Começando pela vaca, a Daisy (Margarida, em português). A Lia, minha netinha americana de 10 anos, economizou a sua mesada e vendeu bolo e limonada para conseguir comprar uma novilha do Zé (dar, ele não dava, todo neto iria querer). A Dayse foi marcada com o nome “Lia” e foi crescendo forte e saudável. Quando a Lia soube que a fazenda seria vendida, entrou em desespero. Consolei-a dizendo que levaria a Daisy para outra fazendinha. Em janeiro agora, a Lia estava na fazenda comigo e planejamos o transporte da Daisy, dos cavalos Pocotó e Picolé e de duas vacas bonitonas pra fazerem companhia pra Daisy. E do boizão também, aquele que não entrava no caminhão, queríamos salvá-lo. Mas, se ele não entrava, como iria? A pé era longe. No final, deu tudo errado, pois não morava ninguém na fazendinha e ficamos preocupadas de todos morrerem ou serem roubados. Assim, pedi ao senhor que comprou a fazenda para deixar a Daisy lá mesmo e ele concordou, dizendo que cuidaria bem dela.
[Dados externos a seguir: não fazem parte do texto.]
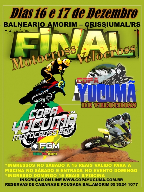 As provas finais da temporada do Velocross e Motocross 2017 da Copa Yucumã de motociclismo acontecerão em Crissiumal, nos dias 16 e 17 de dezembro, na pista do Parque Balneário Amorim.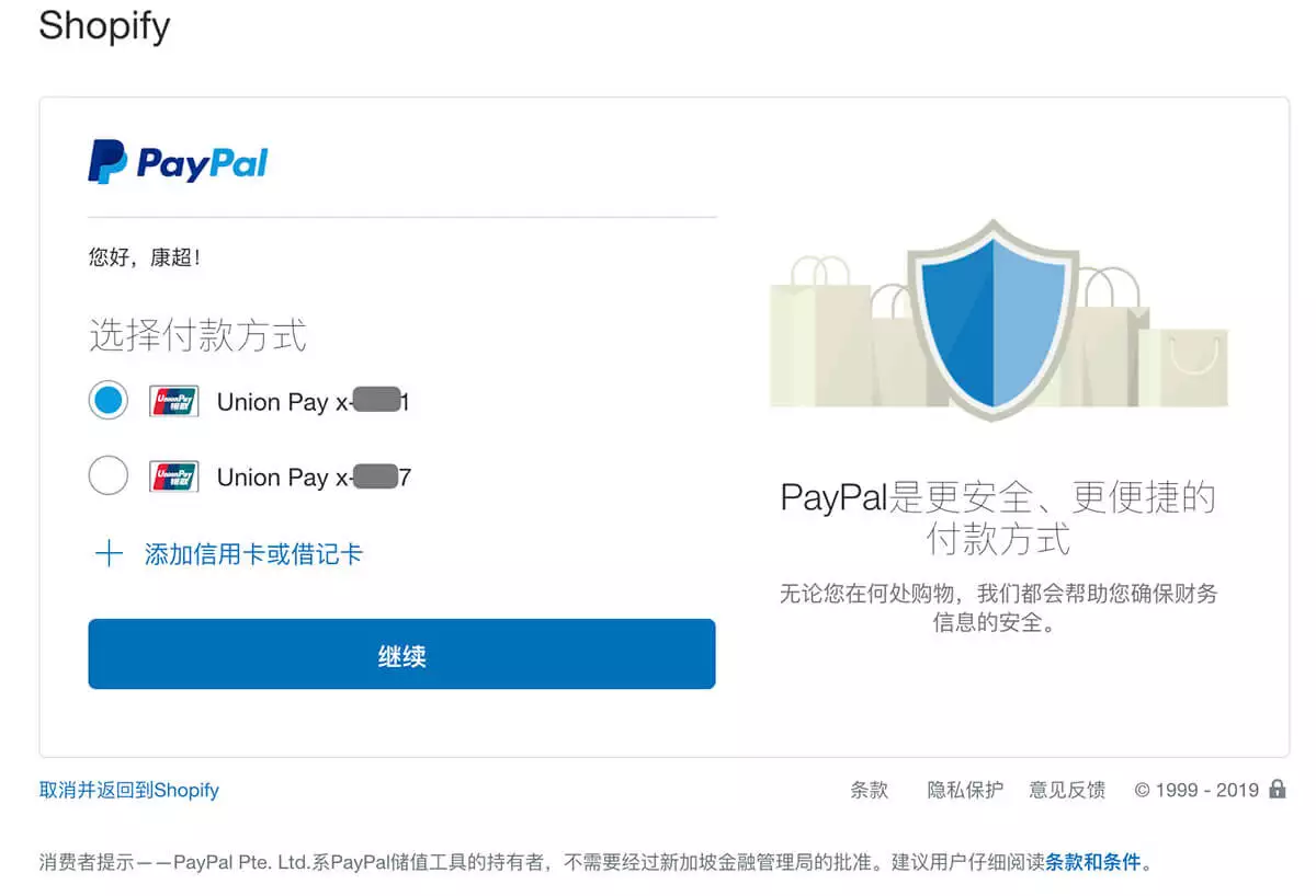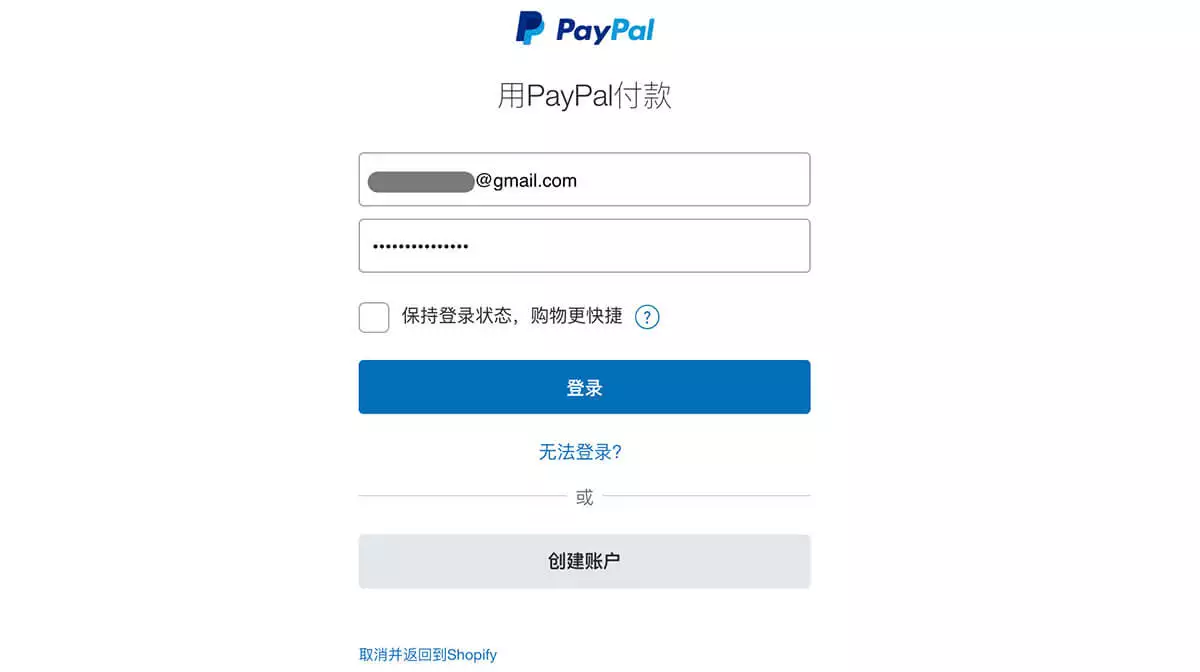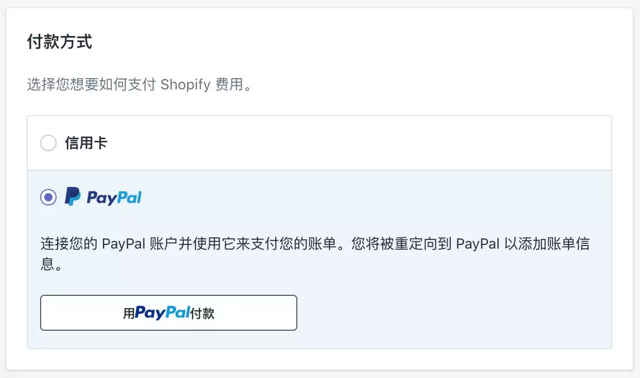 使用PayPal支付Shopify月租

Agora a Lia está feliz, esperando os bezerros nascerem.
Quanto ao boi do Enzo, o irmão de 12 anos da Lia, aconteceu uma tragédia. O Enzo cortou grama dos vizinhos, lá na Califórnia, varreu folha das calçadas, economizou e comprou um garrote do Zé. Também foi marcado com o nome “Enzo” em letras grandes, então era inconfundível. Em setembro, quando passou no brete e na balança, já pesava 349 kg. Em novembro, estava separado dos outros, em recuperação de um pé machucado. O Enzo logo disse que queria era o dinheiro do boi (nem nome ele tinha). Em janeiro, o Enzo também estava na fazenda na época da venda. Acompanhou todos os lotes de gado sendo pesados, para ver quanto receberia pelo boi. Em dois dias, passaram todos pela balança: boi gordo, boi magro, vaca leiteira, vaca boiadeira, vaca solteira, garrotes, novilhas, etc. Mas o boi do Enzo não passou. Consternação geral. Onde estaria? Saíram todos os funcionários procurando. Foi encontrado morto, mortinho, perto de uma cerca. Comentei com a Lia que fiquei triste pelo Enzo. Ela respondeu que ficou triste pelo boi.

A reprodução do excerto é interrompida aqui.